WASHINGTON — Katon Dawson, who early last year narrowly lost his bid for the chairmanship of the Republican National Committee, said Wednesday that he's received numerous calls from prominent Republicans concerned by a string of recent controversies tied to the man who beat him, Michael Steele.
Steele, the first black RNC leader and a former Maryland lieutenant governor, has spent the last week dealing with political fallout from news that the party had reimbursed an aide $1,900 for taking a group of young donors to a bondage-themed sex club in West Hollywood, Calif.
Alex Castellanos, a prominent GOP strategist, on Tuesday called on Steele to resign, while Sean Mahoney of New Hampshire gave up his seat on the party's 168-person national committee.
Those moves came after Sam Fox, a major donor to former President George W. Bush, relinquished his post on the RNC's fund-raising committee.
Tony Perkins, the influential head of the Family Research Council, told conservative activists not to donate money to the RNC.
"The RNC is indifferent at best to the concerns of many social conservatives," Perkins said. "The RNC does not reflect the values of the folks we represent across the country."
Dawson, the former head of the South Carolina Republican Party, lost to Steele 91-77 in the sixth round of voting after three other candidates dropped out in the January 2009 intraparty voting for RNC chairman.
Dawson said his GOP contacts around the country are upset by the recent controversies surrounding the national party.
"There is some angst out there and disappointment in the hinterlands," Dawson said.
Steele found himself on the defensive last month when an RNC fundraising document that depicted President Barack Obama as the Joker was made public. The document, from a Florida seminar, depicted House Speaker Nancy Pelosi as Cruella de Vil and Senate Majority Leader Harry Reid as Scooby-Doo.
Steele faced earlier criticism over accepting large speaking fees, taking chartered flights, going on a promotional tour for his new book and hosting a lavish retreat in Hawaii.

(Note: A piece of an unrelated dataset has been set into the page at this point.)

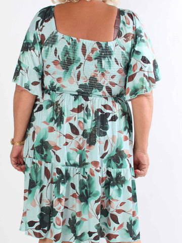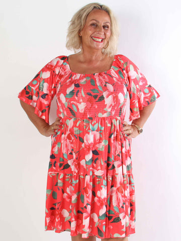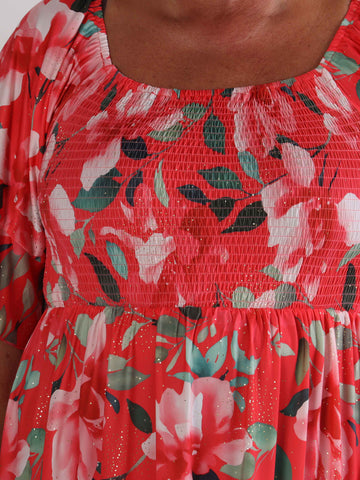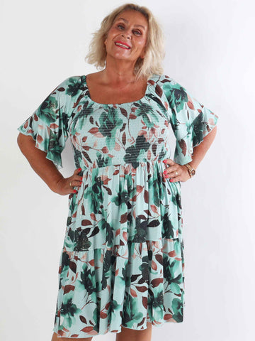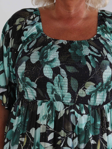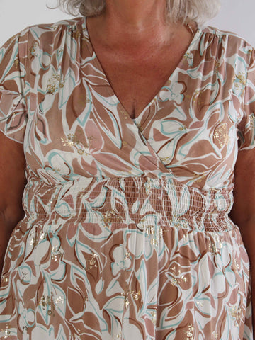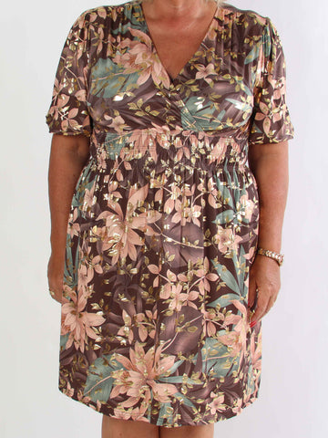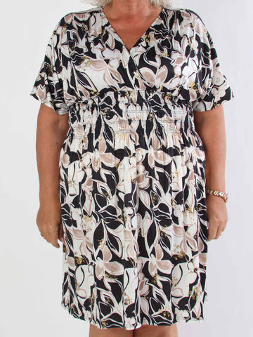 Elna Fiore Short - Blomstret elastisk plus size kjole med smock over brystet

Dawson, now a GOP political consultant in Columbia, S.C., said the problems tied to Steele's leadership of the RNC have distressed influential Republicans.
"I've been taking calls from my friends around the country," Dawson told McClatchy. "They're from people who have great concern about the Republican Party and also about the future of our country. Those two things are intertwined."

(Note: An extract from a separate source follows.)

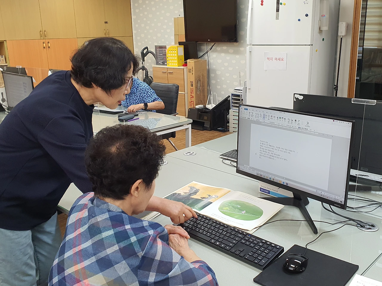 오후에는 종합복지관에서 컴퓨터기초를 가르친다.

Dawson doubted that there would a formal move to replace Steele, which would require a two-thirds vote by the 168 national committee members, but he said the RNC chairman has little margin left for mistakes.
"I can tell you that the RNC is going to have to be scandal-free from now on," Dawson said. "The membership is just not going to take much more. I don't think there's a lot of room for error coming out of Washington from now until November."
Dawson declined to say he would run against Steele for a new two-year term in intraparty voting next January, but he didn't dispute a media report Wednesday that listed him among likely challengers.
"I can't tell you whether I'll run or not, but I can assure you that it'll be contested," Dawson said.
Doug Heye, an RNC spokesman, said Steele has taken decisive steps to control the group's spending and other problems.
"The chairman has been very swift in his action to place more oversight and greater restrictions on how money is spent at the RNC," Heye said.
Heye said Steele has been making personal calls to RNC committee members and GOP donors to ease their concerns.
"He's tried to reassure donors and committee members that we have put into place not just new guidelines, but also new personnel to make sure our money is spent wisely," Heye said.
Steele forced the ouster Monday of RNC chief of staff Ken McKay. The young aide who led the donors on the outing to the strip club was fired last week.
Heye noted that several prominent Republicans had endorsed Steele in recent days, among them former RNC chairman Ed Gillespie, former New York Mayor Rudy Giuliani, Virginia Gov. Bob McDonnell and former House Speaker Newt Gingrich.
David Bossie, head of Citizens United in Washington, said many of the 600,000 conservative activists in his group were disappointed by Steele's performance.
"I believe he's well-meaning, he's a super guy, a smart guy, incredibly articulate, but sometimes you have to look at the greater good," Bossie said. "By staying in the job, are you doing more harm than leaving? He has to be considering what his options are."
Bossie said the questions around Steele's speaking fees and book deal could have a chilling effect on Republican campaign contributions.
"I don't think it will change any votes, but how it could translate to a negative for us in November is if donors don't open their checkbooks," Bossie said. "That is a very serious concern. At the end of the day, Michael Steele has to get his house in order and move forward in a very aggressive and professional way — or he has to step down."